Hi, @derekbruening and @AssadHashmi.
I wrote a DynamoRIO client for edge profiling as follows. And we have used this client to collect the branch information in SPEC CPU's mcf benchmark, which includes the source and destination addresses of branches.
But Compared with the native execution, our client will lead to huge performance slowdown(more than 400x).
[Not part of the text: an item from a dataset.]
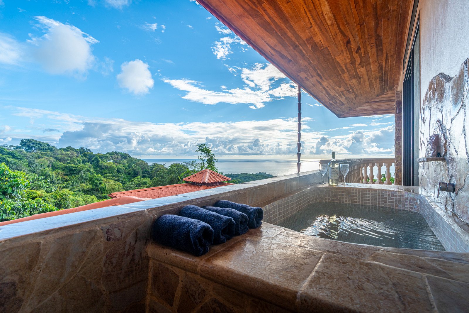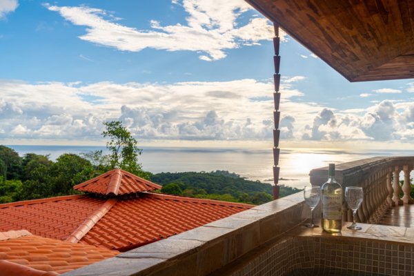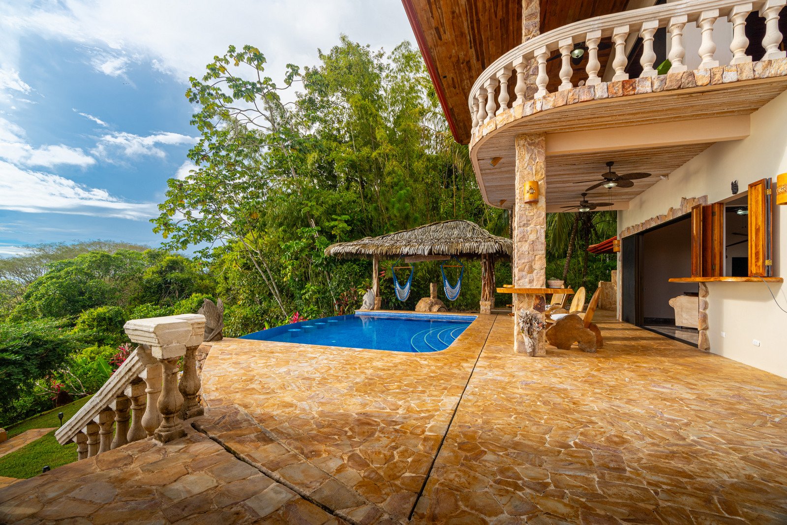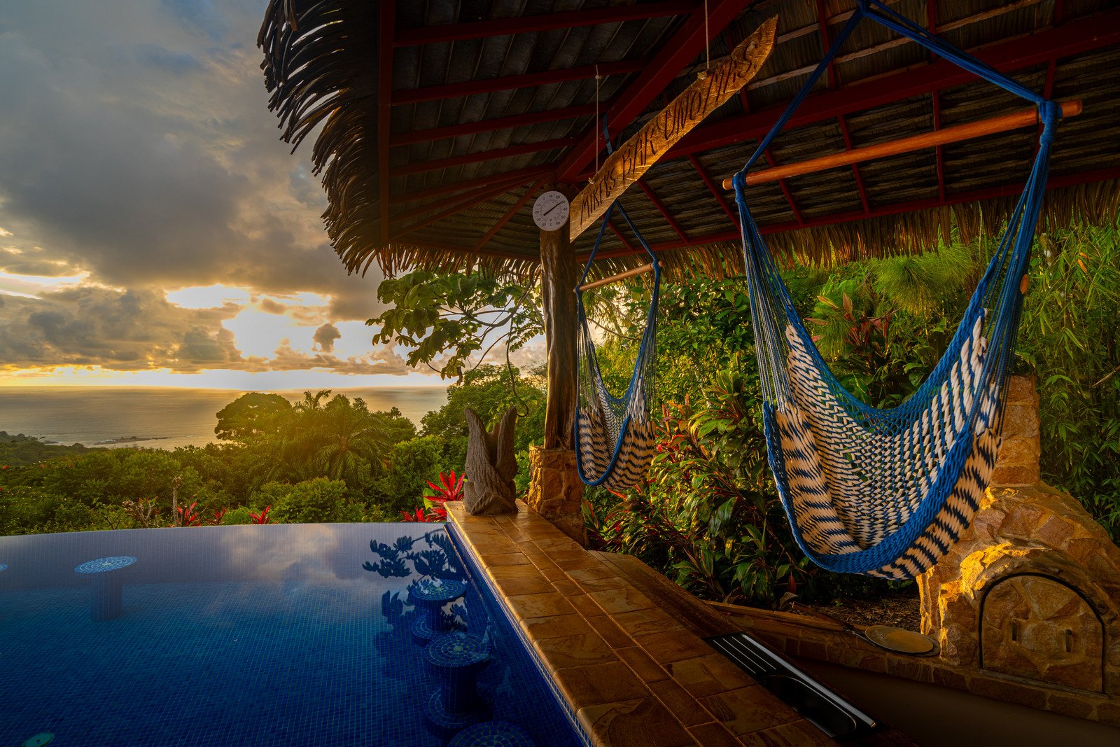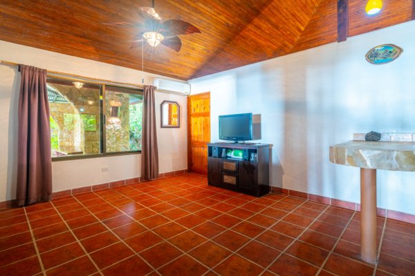 One of the estate’s most enchanting features is the outdoor living space. The infinity-edge pool, tiled in a vibrant blue that mirrors the sky and ocean, is the perfect place to unwind as you watch whales breach in the distance or marvel at the playful antics of monkeys and sloths in the surrounding trees. The pool is complemented by a hot tub lounge, where you can relax under the stars, feeling the warmth of the water and the coolness of the mountain breeze.

In Derek's CGO'13 paper, the overhead of mcf's edge profiling is less than 5x.
Would you like to tell me how to collect the edge information with lower overhead through DynamoRIO, or how can I improve current client?
Wenlong.
bool
tag_is_main_module(void *tag)
{
module_data_t *main_module = dr_get_main_module();
return dr_module_contains_addr(main_module, dr_fragment_app_pc(tag));
}
static void
at_br_cond(app_pc src, app_pc dst, int taken)
{
if (taken != 0) {
void *drcontext = dr_get_current_drcontext();
file_t log = (file_t)(ptr_uint_t)drmgr_get_tls_field(drcontext, tls_idx);
dr_fprintf(log, "%lx,%lx\n", src, dst);
}
}
static void
at_br_no_cond(app_pc src, app_pc dst)
{
void *drcontext = dr_get_current_drcontext();
file_t log = (file_t)(ptr_uint_t)drmgr_get_tls_field(drcontext, tls_idx);
dr_fprintf(log, "%lx,%lx\n", src, dst);
}
static dr_emit_flags_t
event_app_instruction(void *drcontext, void *tag, instrlist_t *bb, instr_t *instr,
bool for_trace, bool translating, void *user_data)
{
if (tag_is_main_module(tag)) {
if (instr_is_cti(instr)) {
if (instr_is_ubr(instr)) {
dr_insert_ubr_instrumentation(drcontext, bb, instr, (void *)at_br_no_cond);
} else if (instr_is_cbr(instr)) {
dr_insert_cbr_instrumentation(drcontext, bb, instr, (void *)at_br_cond);
} else if (instr_is_call_direct(instr)) {
dr_insert_call_instrumentation(drcontext, bb, instr,
(void *)at_br_no_cond);
} else if (instr_is_call_indirect(instr) || instr_is_return(instr) || instr_is_jmp_indirect(instr)) {
dr_insert_mbr_instrumentation(drcontext, bb, instr, (void *)at_br_no_cond,
SPILL_SLOT_1);
}
}
}
return DR_EMIT_DEFAULT;
}
static void
event_exit(void)
{
dr_log(NULL, DR_LOG_ALL, 1, "Client 'branch_recorder' exiting");
if (!drmgr_unregister_bb_insertion_event(event_app_instruction) ||
!drmgr_unregister_tls_field(tls_idx))
DR_ASSERT(false);
drmgr_exit();
}
static void
event_thread_init(void *drcontext)
{
file_t log;
log = log_file_open(client_id, drcontext, NULL /* using client lib path */,
"branch_recorder", DR_FILE_ALLOW_LARGE);
DR_ASSERT(log != INVALID_FILE);
drmgr_set_tls_field(drcontext, tls_idx, (void *)(ptr_uint_t)log);
}
static void
event_thread_exit(void *drcontext)
{
log_file_close((file_t)(ptr_uint_t)drmgr_get_tls_field(drcontext, tls_idx));
}
DR_EXPORT
void
dr_client_main(client_id_t id, int argc, const char *argv[])
{
dr_set_client_name("DynamoRIO Sample Client 'branch_recorder'",
dr_log(NULL, DR_LOG_ALL, 1, "Client 'branch_recorder' initializing");
drmgr_init();
client_id = id;
tls_idx = drmgr_register_tls_field();
dr_register_exit_event(event_exit);
if (!drmgr_register_thread_init_event(event_thread_init) ||
!drmgr_register_thread_exit_event(event_thread_exit) ||
!drmgr_register_bb_instrumentation_event(NULL, event_app_instruction, NULL))
DR_ASSERT(false);
}